> **WHAT THIS TASK INVOLVES**: Although the data holds pictures, return only the lines from the one containing "女子向けラノベタイトル風あだ名 | 『死神ほちきすの再婚』 |" to the end, exactly, and without them.
╭─ DATA SEGMENT
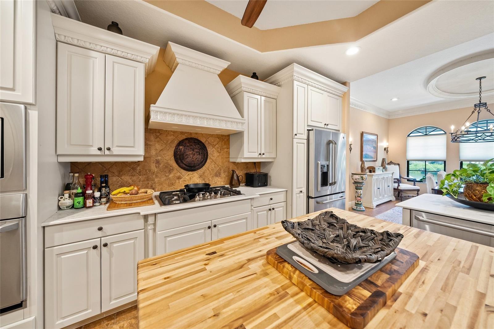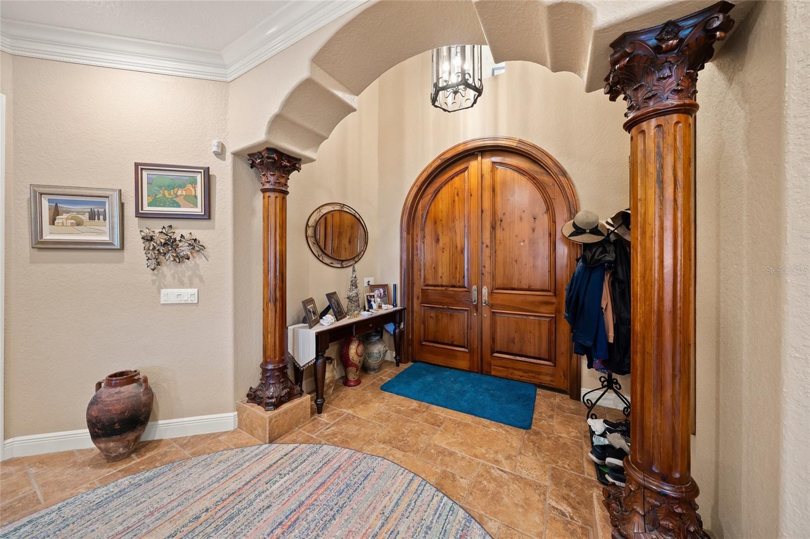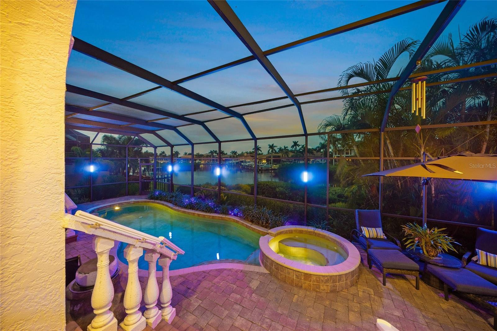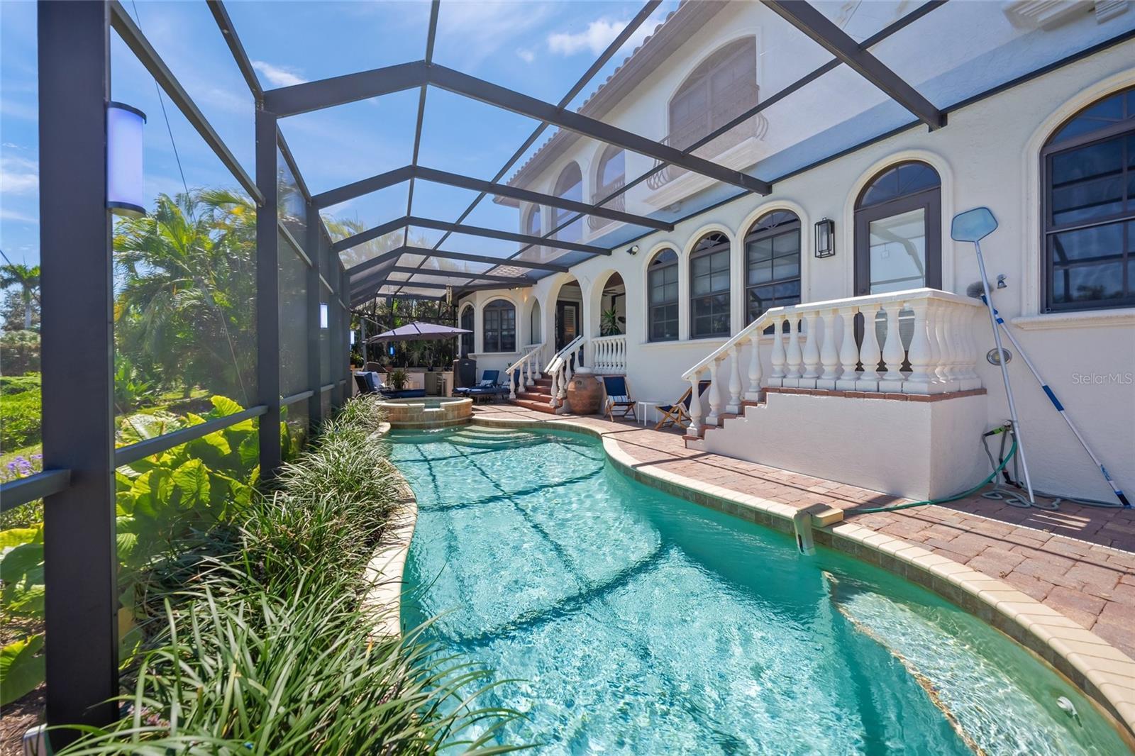 Waterfront Mediterranean Beauty in Harbour Landings Behind the gates of Harbour Landings, this 3 Bed / 3 Bath Mediterranean-style pool home pairs timeless coastal elegance with extensive modern upgrades. Step through arched double doors into a light-filled open floor plan showcasing imported Italian tile, custom ceilings, art niches with onyx and marble, a fireplace with new propane insert, and a gallery with rare Hawaiian KOA wood floors. The chef’s kitchen has been fully remodeled with Dekton counters, painted cabinetry, a new center island, and a built-in Miele coffee station. Additional highlights include a formal dining room with marina views, private office with custom built-ins, and a temperature-controlled 2,200-bottle wine room with arched glass doors and designer lighting. The first-floor owner’s suite offers French doors to the pool, a spa bath with dual vanities, jetted tub, walk-in shower, and new double glass-paneled entry doors. Upstairs, two guest suites and a bonus/media room capture sweeping water views. Upgrades include hardwood bedroom floors, cedar closet, new roof, gutters, soffits, landscaping, Roman white exterior paint, smart thermostats, Sonos speakers, new lighting throughout, and a fully modernized electrical panel with surge protection. Outdoor living shines with a refurbished screened lanai, heated pool and spa, mood lighting, outdoor kitchen, new Minka fans, and new shades. A deeded dock with 10,000 lb lift and new kayak ladder offers deep sailboat water and no-bridge Gulf access. Peace of mind comes with hurricane-rated construction, impact windows, insulated garage doors, blown-in attic insulation, dual-zone HVAC (with new AC on the main level), and a whole-home generator. Community amenities include gated security, clubhouse, tennis/pickleball, lawn and dock care, and mangrove maintenance. Just minutes from shops, dining, and Gulf beaches—this is coastal living at its finest.
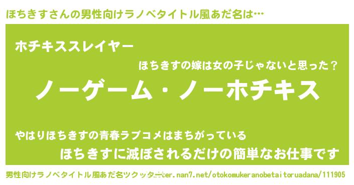 | 女子向けラノベタイトル風あだ名 | 『死神ほちきすの再婚』 |
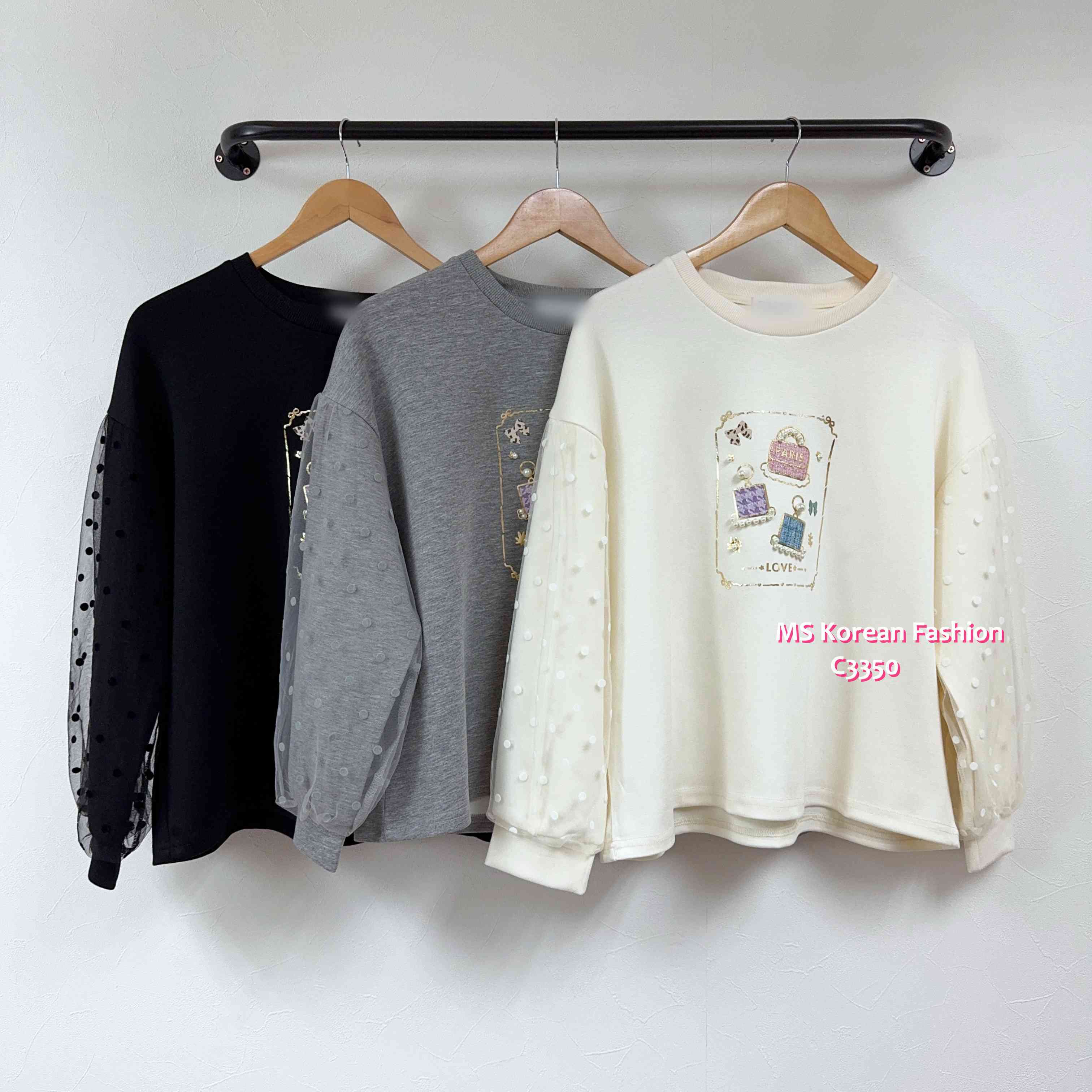 [訂貨約7-10個工作天] 💰💞Happy Price: $189 靚print top✨ 加左珠珠點綴好elegant🥰 太空棉料質地好舒服 兩邊袖外面加左層波點紗巧令令👍 黑、灰、米 3色 尺寸 胸45"/長23" 📫1件加$15包順豐站/自助櫃,2件包順豐(順豐站/自助櫃/工商/住宅) 📱查詢及Order可Inbox或Whatsapp 6317 3061
╰─
> **RESULT OF THIS EXERCISE**:
 | 女子向けラノベタイトル風あだ名 | 『死神ほちきすの再婚』 |
 [訂貨約7-10個工作天] 💰💞Happy Price: $189 靚print top✨ 加左珠珠點綴好elegant🥰 太空棉料質地好舒服 兩邊袖外面加左層波點紗巧令令👍 黑、灰、米 3色 尺寸 胸45"/長23" 📫1件加$15包順豐站/自助櫃,2件包順豐(順豐站/自助櫃/工商/住宅) 📱查詢及Order可Inbox或Whatsapp 6317 3061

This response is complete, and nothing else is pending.